This last function is important because your Web server's reaction to twice as many users searching your product database may be different from its response to the same number requesting the home page.
These tools enable you to look at trends in usage and performance at a site. Analysis of usage trends for the past three or six months can tell you whether your traffic is doubling every quarter, month or week, and how usage patterns are changing over time.
Simulate to accumulate
Armed with a thorough understanding of the current picture, you can use one of the load-testing tools to simulate different growth and change scenarios. Most provide a good degree of flexibility in creating realistic scripts of how users move around your site. Once you've recorded a few common scenarios, they can simulate any number of simultaneous users performing the same actions.
The more sophisticated simulation tools show you in realtime the way your server's performance degrades as more simulated users visit your site. By intentionally overloading your Web site and carefully watching the realtime meters, you can identify the number of users at which your site's performance falls below reasonable levels. Use this information to estimate when it will be time to upgrade, coupled with trend information from an analysis tool.
Load-testing software is also invaluable in locating the bottlenecks in your Web server. They can occur in many areas - server software, memory, CPU, disk speed and network bandwidth. If memory appears to be the problem, you can avert problems by installing more. If network bandwidth is the limiting factor, you may have to upgrade your network connection.
Balancing the load
At some point, traffic to a Web server may be too heavy for one computer to handle effectively. The obvious solution is to put another computer to work. A mirrored site is a simple solution - it takes all the Web site resources on the existing server, mirrors them onto another computer and then splits the traffic. This is how many of the larger sites handle millions of hits per day. There are a number of ways to split the traffic but two common methods are round-robin DNS (Domain Name Server) and dynamic IP (Internet Protocol) redirection.
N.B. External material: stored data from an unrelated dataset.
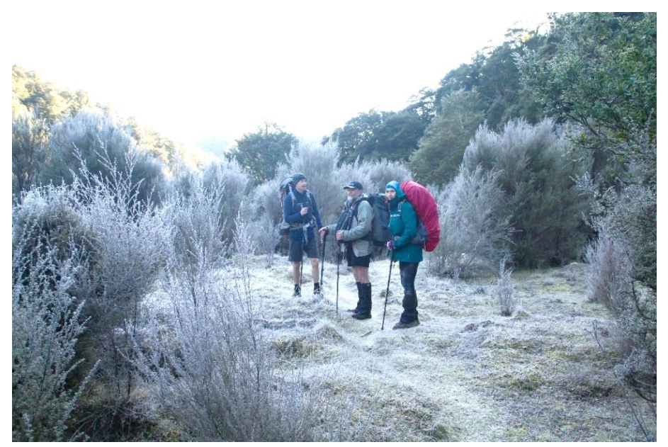
Look how freezing this really is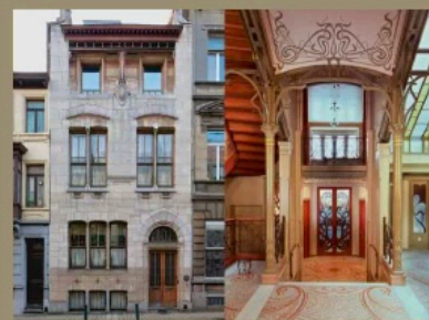
ABOVE The Autrique House (left) and Hôtel Tassel are not to be missed this year.

For information about Art Nouveau Brussels 2023 visit artnouveau.urban.brussels – here you can buy an Art Nouveau pass allowing access to many of the city’s architectural gems as well as discounted rates on tours by Brussels Chatterguides ( bruxellesbavard.be )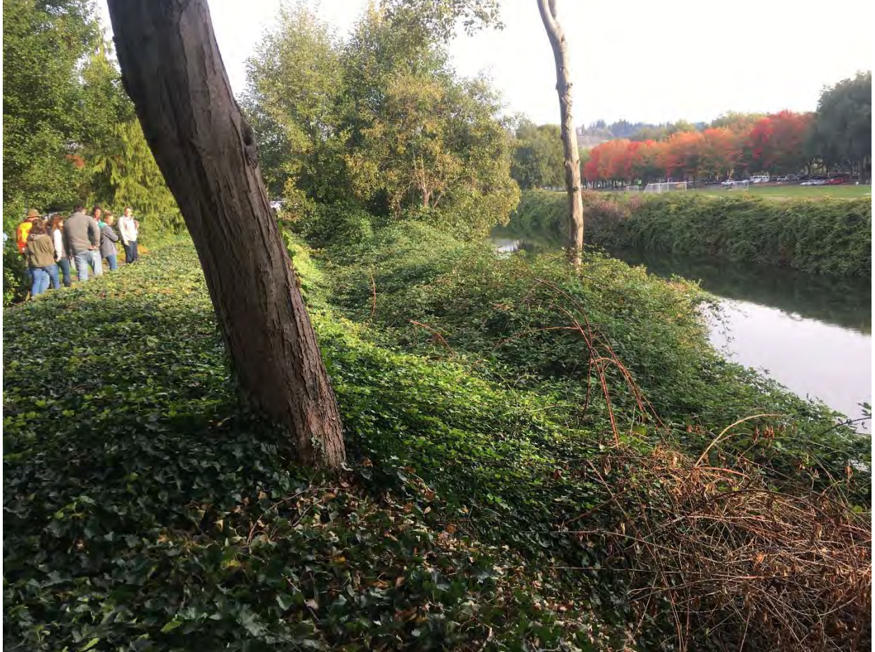
Figure 2: JSH Properties site, left bank, looking north/downriver; Starfire Sports Complex across the river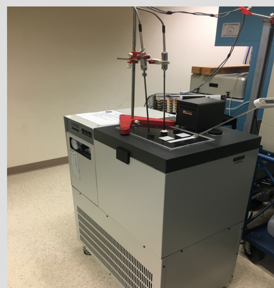
Figure 6 Fluke Hart 7081 Temperature Bath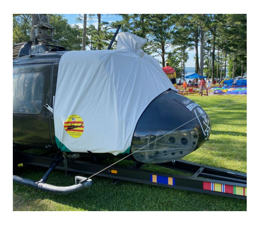
Bell 204 Forward Cabin Cover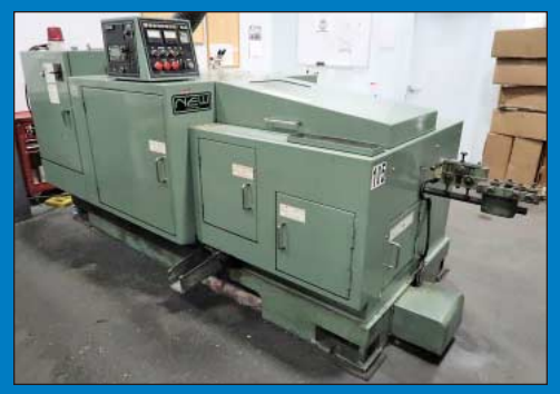
Nakashimada Model NP-60 2-Die 3-Blow Cold Header

IP addresses (e.g. 184.108.40.206) are based on a hierarchy that helps one computer find another computer on the network quickly. In round-robin DNS systems, the Web server name is associated with a list of IP addresses. Each address on the list maps to a different computer and each computer contains a mirrored version of the Web site. When a request is received, the Web server name is translated to the next IP address on the list.
By translating Web server names to IP addresses in this fashion, requests can be load-balanced to multiple computers.
Dynamic IP redirection is the second common method. The main Web server takes all requests for the site's home page but the visitor's browser is redirected to another URL to satisfy the request. The magic of this method is that the redirected URL could be on the same computer as the main server or any one of several back-end mirror computers. The main server redirects the traffic to back-end Web servers based on their current loads.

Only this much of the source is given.